Wednesday, October 3, 2012

Hump Day

Well...the WOD last night destroyed me! 400m run, 50 air squats...4 rounds. Nothing like a mile run with 200 air squats on top, during the week that I decided I was going to run a mile every morning! Came in at 19:05. I was fried. And that was last night.

This morning I'm pretty sure I looked Frankenstein as I literally rolled, it hurt too much to bend my legs, out of bed and put some athletic clothes on. My quads and hamstrings were barking at me the entire time, but I did it. Another mile down. 10:38. Worst time of the week, but I suffered through it.

It feels great to know I'm 3/3 this week with my goal. 3 miles down. And really 4 with the mile in the WOD last night. I just wish I had as much energy as my dog. He is ready to go every morning!

We've reached the tipping point in the week. It's all down hill from here!

-FBC


Tuesday, October 2, 2012

Micro-Goal Tuesday: No Pain, No Gain

Without a doubt, waking up early was difficult today. My mid/lower back was thrashed from the WOD the previous night and running was the last thing that I wanted to do. WOD last night was Every Minute on the Minute (EMOM) for 10 minutes, 5 power cleans and 10 double unders. Double unders are still a work in progress, but for the first couple rounds I was able to string all 10 together. Awesome. But I was exhausted.

Then we had 20 minutes left in class to find our 1 rep max deadlift. Brutal. I'm still trying to breathe from getting the WOD done and now I'm finding my max. Previous PR was 405lbs and I was able to match it! Considering I wasn't close to being fresh, it felt good. I jumped to 415 and missed. Still pretty satisfied.

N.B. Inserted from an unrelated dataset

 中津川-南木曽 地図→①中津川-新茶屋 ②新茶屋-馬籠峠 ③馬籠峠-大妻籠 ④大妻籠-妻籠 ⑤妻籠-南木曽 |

After that the night before and fighting every demon and naysayer in my head, I got my ass up after hitting snooze a couple times. I'm briskly doing my thing, pretty sure I'm personifying the meme below, when all of a sudden a sniper got me on my third lap. A nice little lip in the uneven sidewalk tripped me up. I come crashing down, scaring the hell out of my dog who in his most mans-best-friend-lassie-style-I'm-here-to-protect-you-no-matter-what way decides to take off sprinting down and across the street, leaving me face planted on the ground, glad it's 6:45am and no one in this little neighborhood happens to be outside at that moment.

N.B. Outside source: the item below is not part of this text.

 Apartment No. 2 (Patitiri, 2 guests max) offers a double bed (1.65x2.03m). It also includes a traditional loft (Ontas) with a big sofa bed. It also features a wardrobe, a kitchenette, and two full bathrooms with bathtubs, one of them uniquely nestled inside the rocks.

I ended up getting up, chased down the dog who actually stopped and waited for me down the street, finished the fourth lap and came in at a time of 10:10. All things considered, I'll take it. When I got home, this is what my knee looked like. Not a fun shower.

Definitely hit home on the fact that this whole process and fitness journey that we're on doesn't come without sacrifice. It's not always physical sacrifices, like pretending to be a runner and having the concrete remind you that you're not, but usually the mental and emotional sacrifices. And the coolest part is these initially seem like they are a sacrifice, missing a TV show or staying in to cook dinner, but really they just make up a different way of life that we get to choose.

No pain, go gain.

-FBC




Monday, October 1, 2012

October Micro-Goals: Getting Back on Track

For those of you that work in higher education, or education in general, you can attest to what the month of September translates to in the amount of time you dedicate to work. After facilitating a three week training for student leaders and preparing for 350 college students to arrive on campus, it's finally time to get back on track.

Finding balance during these busy times has still eluded me. But that's not the point here, the point is that every one is going to stray away from their routine at some point and time for whatever reason. The difference is in the past you slipped and didn't get back on track. That's not what is going to happen here. I think back to the Sickness, Wellness and Fitness continuum. Every decision we make either moves us closer to Fitness or moves us to Sickness. The goal is to create the biggest buffer possible between the two. This buffer allows us to have a cheat meal...or day, or take a week off or become consumed with work and fail to stick to your normal regime. The buffer means that we aren't going to get sick after the holidays because the buffer is the hard work and blood and sweat and tears that moved you towards Fitness. But the buffer only lasts for so long before we are back to square one.



 


I decided I was going to start setting small "micro-goals" to help get me back on track towards my fitness goals. These goals are only for a week and will be small victories that are so powerfully motivating when facing adversity. It coincidentally worked out that Monday in October 1st. A new month, a new week, a fresh start. I love it. 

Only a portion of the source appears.